Repeat the data in full and exactly. Leave the pictures out.

[Collected data]
----------------------------------------

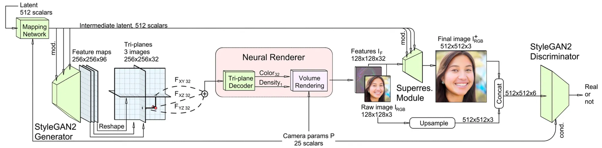 Camera Pose 를 generator 와 discriminator 에 추가적으로 넣어주는 방법으로 feature map 의 표현력이 camera pose 로 가지 않을 수 있도록 함.
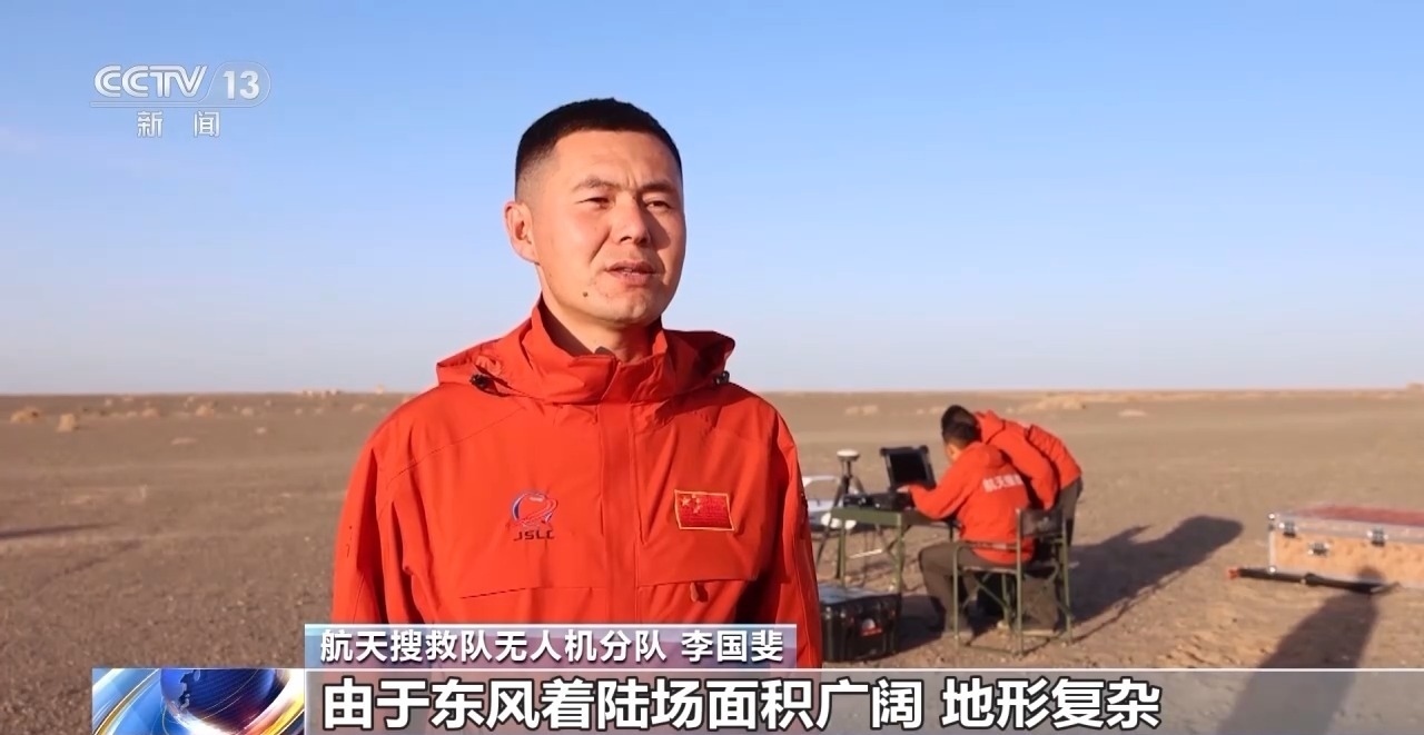 航天搜救隊(duì)無人機(jī)分隊(duì) 李國(guó)斐:由于東風(fēng)著陸場(chǎng)面積廣闊,地形復(fù)雜,單靠人力無法實(shí)現(xiàn)掌握整個(gè)著陸場(chǎng)的動(dòng)態(tài)情況,使用無人機(jī)就能彌補(bǔ)我們看不到的盲區(qū),通過搭載的不同載荷,比如高清攝像頭和熱成像設(shè)備,來滿足不同的搜救需求,大大提高了搜救的靈活性和多樣性。
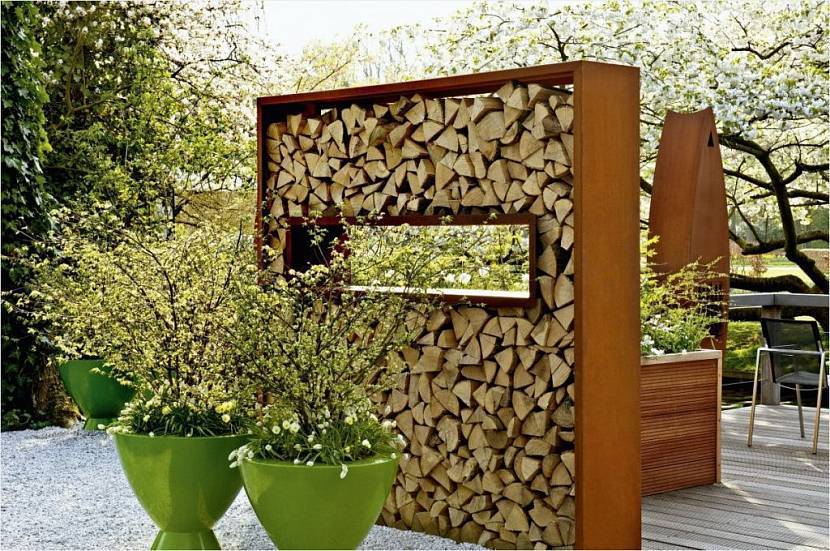 Дровница с окошком может стать перегородкой в зоне отдыхаИсточник lavozdenadie.com

----------------------------------------

[Response to the task]
 Camera Pose 를 generator 와 discriminator 에 추가적으로 넣어주는 방법으로 feature map 의 표현력이 camera pose 로 가지 않을 수 있도록 함.
 航天搜救隊(duì)無人機(jī)分隊(duì) 李國(guó)斐:由于東風(fēng)著陸場(chǎng)面積廣闊,地形復(fù)雜,單靠人力無法實(shí)現(xiàn)掌握整個(gè)著陸場(chǎng)的動(dòng)態(tài)情況,使用無人機(jī)就能彌補(bǔ)我們看不到的盲區(qū),通過搭載的不同載荷,比如高清攝像頭和熱成像設(shè)備,來滿足不同的搜救需求,大大提高了搜救的靈活性和多樣性。
 Дровница с окошком может стать перегородкой в зоне отдыхаИсточник lavozdenadie.com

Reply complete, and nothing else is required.